# Fermeture intempestive mail et safari



## JOEL65 (3 Janvier 2015)

Bonjour à tous,

Je précise tout d'abord que ma liaison intermet fonctionne correctement sur mon mac mini sous snow léopard.

Je parle maintenant de mon imac G5 sous tiger .
hier tout fonctionnait , je n'ai fait aucune mise à jour et voilà qu'aujourd'hui :
Mail = s'ouvre et se ferme aussitot .
Safari = s'ouvre correctement sur le site choisi pour l'ouverture et fonctionne ; si je vais sur google, celà marche aussi , mais si je vais sur d'autres sites comme par exemple" le bon coin" ou " Pixmania " , alors il se ferme tout seul . 
Y aurait il des anomalies sur internet ?


----------



## pascalformac (3 Janvier 2015)

non 
par contre
il y a déjà des tonnes de sujets sur Mail quitte , safari quitte
et comment réparer
evidemment te concernant vu que tu as un OS ancien il faudra regarder surtout des anciens sujets car si les principes restent les mêmes le nom de fichiers , emplacements a un peu changé

tu auras très probablement à changer au moins  deux fichiers
 dans ta biblioheque de compte

Maison/Bibliotheque/Preferences/com.apple.Safari.plist
Maison/Bibliotheque/Preferences/com.apple.Mail.plist

--
la recherche dans les forums macg se fait comme ca

Recherche avancée interne
( en haut à coté de derniers messages)

ou google ( ou autre) restreinte au site 
Recherche écrite de cette façon:
site:forums.macg.co   termes de recherche


----------



## JOEL65 (3 Janvier 2015)

Bonjour Pascalformac,

merci pour cette réponse rapide , je vois que tu surveilles le traffic sur macgénération . Bravo en tout cas pour tout ton dévouement durant toute l'année ;

Quand tu dis changer ces 2 fichiers , tu veux dire par là que je dois les mettre à la corbeille ? confirme moi si c'est bien çà avant que je les y mette .


----------



## pascalformac (3 Janvier 2015)

non et c'est expliqué dans des tonnes de sujets

d'abord faire les verifs usuelles
verification réparation de permissions ET de disque
tester

et si ca ne suffit pas 
nettoyage de fichiers de ces applis
à commencer par, appli concernée  fermée,  déplacement de  fichiers  plist ( par exemple vers  dossier temporaire  reparation sur bureau)
puis relance

note avec Mail mail aura l'air NEUF mais c'est FAUX , seuls les reglages seront "vierges", tu remets données de réglages et tu retrouves tout


----------



## JOEL65 (3 Janvier 2015)

Désolé pascal, j'ai suivi tes conseils mais rien ne va et celà semble même se dégrader pour d'autre appli comme imovie par exemple .

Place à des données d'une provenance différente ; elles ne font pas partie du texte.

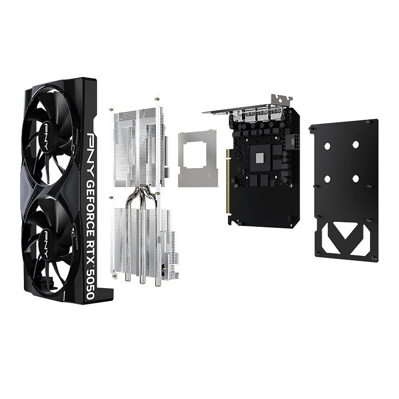 De PNY GeForce RTX 5050 is gebaseerd op de NVIDIA Blackwell-architectuur en levert hoge prestaties voor zowel gaming als contentcreatie. Dankzij de geavanceerde RT- en Tensor-cores biedt hij realistische belichting met ray tracing, terwijl AI-functies, beeldopschaling en productiviteitsapps worden versneld. De metalen backplate verhoogt de stijfheid en beschermt het PCB, terwijl dubbele axiale ventilatoren zorgen voor lage temperaturen en stille werking.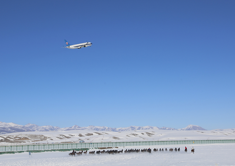 1月28日,昭苏—乌鲁木齐航班从昭苏天马机场起飞。新华社发(李文武 摄)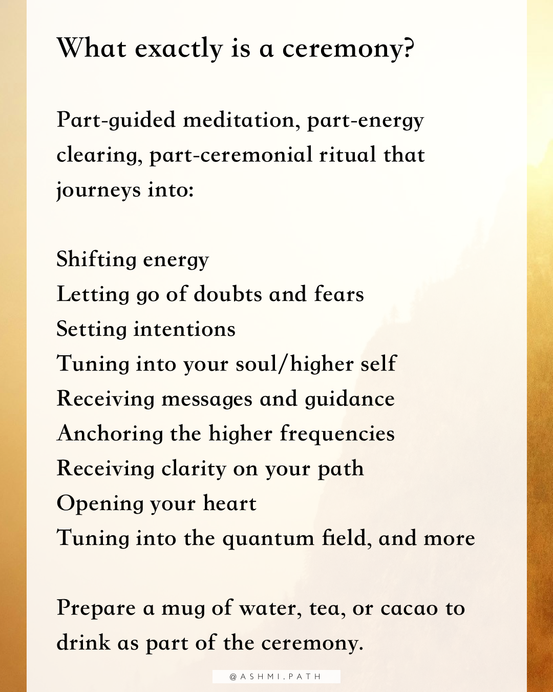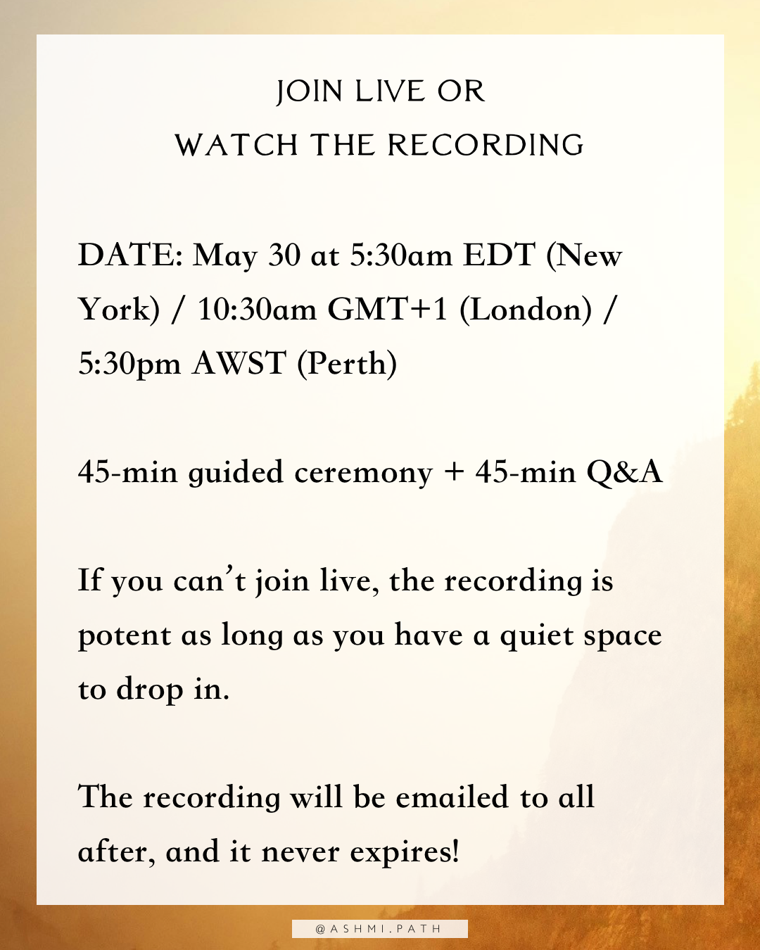 45-min guided ceremony + 45-min Q&A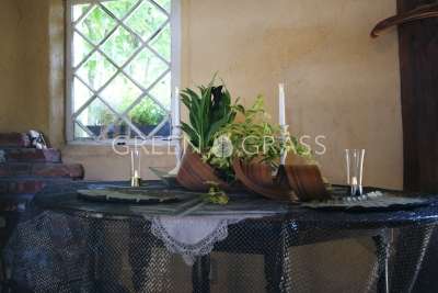 渋みのある鉢に大胆に植え込んだ植物。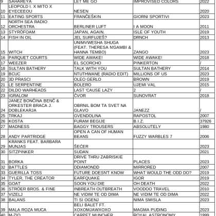 Seznam skladb za 26. 12. 2023, 15.00–19.00 (Luka Bevk)

Aussi je songe à réinstaller l'OS , mais je voudrai d'une part garder tous les dossiers et si possibles les paramètres de mes applis .

Je possède un disque externe Firewire de 1 To sur lequel il y a déjà quelques fichiers de mon autre ordi .

Question rapide comment sauvegarder tout celà , et ensuite comment les remettre après la réinstallation de Tiger . J'avoue que le forum comporte tellement de discussions sur la question que je fini par m'y perdre .

Une aide rapide sera la bienvenue .

Dans l'attente je fais une copie de ma petite maison .


----------



## pascalformac (3 Janvier 2015)

tu peux faire un clone
ca copie TOUT
(OS et données)
et si sur partition de disque firewire ca sera un clone demarrable ( donc comme un 2 e mac à l'identique)

Attention changer  que l'OS en preservant les données ne changera RIEN
si
-disque naze ( physiquement ou en écriture)
ou
si divers fichiers de sessions sont nazes
idem si effacement reinstall puis reprise de compte

--
d'ailleurs un test rapide
CREER une session test ( donc neuve)
et sur cette session tester quelques applis

test OK
alors c'est que ta session

test pas  OK 
c'est global


----------